Réponse de la porte parole de l’Office national de l’énergie :

« La porte-parole de l’Office national de l’énergie, Whitney Punchak, indique que l’organisme a le mandat d’étudier les impacts environnementaux du pipeline lui-même, mais pas les impacts liés à la production pétrolière. Pour changer les choses, il faudrait que le gouvernement fédéral modifie la loi qui a constitué l’organisme.

« Ce n’est pas dans la loi et, donc, nous ne considérons pas les dossiers de production et de politique sur les émissions de gaz à effet de serre dans nos évaluations », a indiqué Mme Punchak.

Plus récemment, d’autres audiences se sont tenues au Québec sur le projet d’inversion de la ligne 9B d’Enbridge. À reculons, sachant que son pouvoir d’action dans ce dossier est nul, les membres de l’Assemblée Nationale participant à l’audience ont accepté d’entendre les opposants au projet. Mais comme ces audiences n’étaient ni plus ni moins qu’une mascarade en ce sens qu’elles n’engagent en rien la société albertaine Enbridge à respecter ce qui en ressortira, le tout n’a été qu’une perte de temps.

D’ailleurs, avant même de se présenter à cette commission, le porte-parole d’Enbridge avait déjà annoncé ses couleurs : « Enbridge ne garantit pas qu’elle respectera les conditions de Québec ». Sachant que les dés étaient pipés en faveur de la société albertaine, Steven Guilbault d’Équiterre « s’est dit «content» des conditions posées qui permettraient d’«améliorer la sécurité». Il demeure toutefois sceptique quant à la réaction attendue de la société albertaine. »

En bout de ligne, le projet d’inversion a été appuyé par tous les partis sauf Québec Solidaire. Le problème demeure que dans la balance il y a entre 26 000 et 51 000 emplois en jeu (selon qui définit ce qui émane de l’industrie pétrochimique au Québec). L’Assemblée Nationale a pris le parti de la sauvegarde de ces emplois en échange du respect des 18 conditions imposées par Québec à la multinationale Ebridge.
Reste à savoir comment cette dernière réagira. Comme le soulignait Steven Guilbault « Si l’Office national de l’énergie (ONE) ne répond pas aux conditions de Québec, je vois difficilement comment le gouvernement pourrait se laisser faire sans mener de bataille, dit M. Guilbeault. Surtout que c’est un gouvernement du Parti québécois ».

Prochaine étape, fin mars, date attendue de la réponse d’Enbridge et de l’ONÉ. La balle est dans le camp du fédéral qui contrôle tous les leviers décisionnels, n’en déplaisent à ceux qui n’y voient que la seule faute du Parti Québécois. La prochaine bataille se fera à Ottawa.

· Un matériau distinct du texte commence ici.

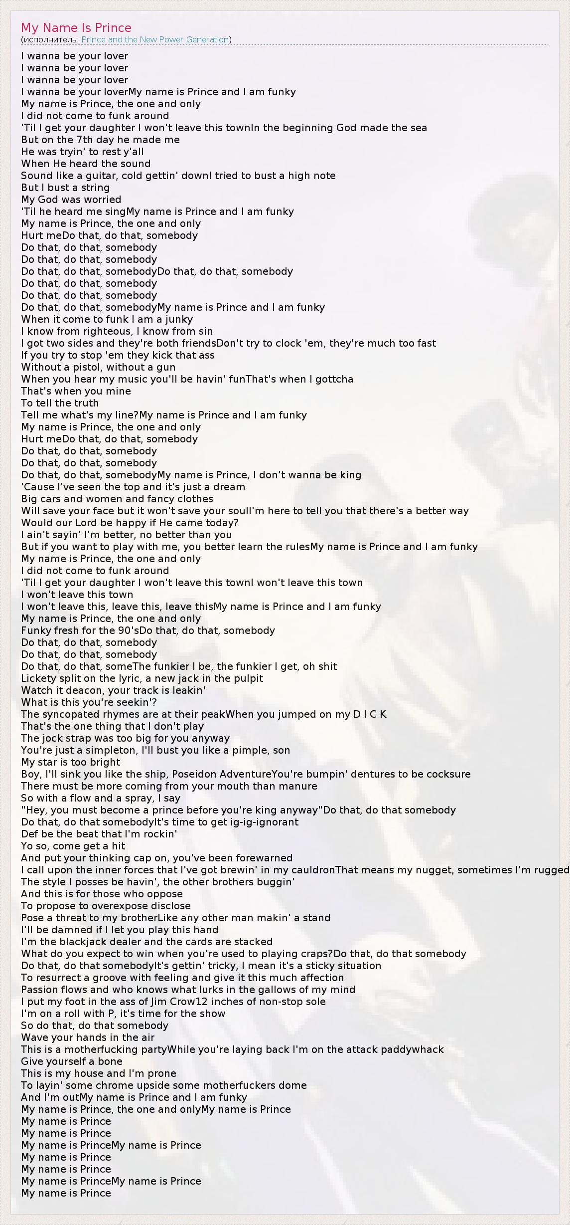 I wanna be your lover I wanna be your lover I wanna be your lover I wanna be your loverMy name is Prince and I am funky My name is Prince, the one and only I did not come to funk around 'Til I get your daughter I won't leave this townIn the beginning God made the sea But on the 7th day he made me He was tryin' to rest y'all When He heard the sound Sound like a guitar, cold gettin' downI tried to bust a high note But I bust a string My God was worried 'Til he heard me singMy name is Prince and I am funky My name is Prince, the one and only Hurt meDo that, do that, somebody Do that, do that, somebody Do that, do that, somebody Do that, do that, somebodyDo that, do that, somebody Do that, do that, somebody Do that, do that, somebody Do that, do that, somebodyMy name is Prince and I am funky When it come to funk I am a junky I know from righteous, I know from sin I got two sides and they're both friendsDon't try to clock 'em, they're much too fast If you try to stop 'em they kick that ass Without a pistol, without a gun When you hear my music you'll be havin' funThat's when I gottcha That's when you mine To tell the truth Tell me what's my line?My name is Prince and I am funky My name is Prince, the one and only Hurt meDo that, do that, somebody Do that, do that, somebody Do that, do that, somebody Do that, do that, somebodyMy name is Prince, I don't wanna be king 'Cause I've seen the top and it's just a dream Big cars and women and fancy clothes Will save your face but it won't save your soulI'm here to tell you that there's a better way Would our Lord be happy if He came today? I ain't sayin' I'm better, no better than you But if you want to play with me, you better learn the rulesMy name is Prince and I am funky My name is Prince, the one and only I did not come to funk around 'Til I get your daughter I won't leave this townI won't leave this town I won't leave this town I won't leave this, leave this, leave thisMy name is Prince and I am funky My name is Prince, the one and only Funky fresh for the 90'sDo that, do that, somebody Do that, do that, somebody Do that, do that, somebody Do that, do that, someThe funkier I be, the funkier I get, oh shit Lickety split on the lyric, a new jack in the pulpit Watch it deacon, your track is leakin' What is this you're seekin'? The syncopated rhymes are at their peakWhen you jumped on my D I C K That's the one thing that I don't play The jock strap was too big for you anyway You're just a simpleton, I'll bust you like a pimple, son My star is too bright Boy, I'll sink you like the ship, Poseidon AdventureYou're bumpin' dentures to be cocksure There must be more coming from your mouth than manure So with a flow and a spray, I say "Hey, you must become a prince before you're king anyway"Do that, do that somebody Do that, do that somebodyIt's time to get ig-ig-ignorant Def be the beat that I'm rockin' Yo so, come get a hit And put your thinking cap on, you've been forewarned I call upon the inner forces that I've got brewin' in my cauldronThat means my nugget, sometimes I'm rugged The style I posses be havin', the other brothers buggin' And this is for those who oppose To propose to overexpose disclose Pose a threat to my brotherLike any other man makin' a stand I'll be damned if I let you play this hand I'm the blackjack dealer and the cards are stacked What do you expect to win when you're used to playing craps?Do that, do that somebody Do that, do that somebodyIt's gettin' tricky, I mean it's a sticky situation To resurrect a groove with feeling and give it this much affection Passion flows and who knows what lurks in the gallows of my mind I put my foot in the ass of Jim Crow12 inches of non-stop sole I'm on a roll with P, it's time for the show So do that, do that somebody Wave your hands in the air This is a motherfucking partyWhile you're laying back I'm on the attack paddywhack Give yourself a bone This is my house and I'm prone To layin' some chrome upside some motherfuckers dome And I'm outMy name is Prince and I am funky My name is Prince, the one and onlyMy name is Prince My name is Prince My name is Prince My name is PrinceMy name is Prince My name is Prince My name is Prince My name is PrinceMy name is Prince My name is Prince

Car tout n’est pas joué! Si la société albertaine se braque et refuse net toutes les conditions imposées par Québec, on verra de quel bois se chauffe le PQ. Mais cette bataille pourrait bien se produire au moment où, ici, le budget fraîchement déposé aura conduit à la défaite du gouvernement minoritaire du PQ. Auquel cas Enbridge réussira à se faufiler. Car ne comptez pas sur Philippe Couillard nouvellement élu (politique fiction je sais!) pour se battre avec Ottawa. Ce fédéraliste radical espère plutôt signer la constitution de 1982 au plus sacrant, même s’il doit éviter de consulter la population

À suivre…

~ par delorimier sur 10 décembre 2013.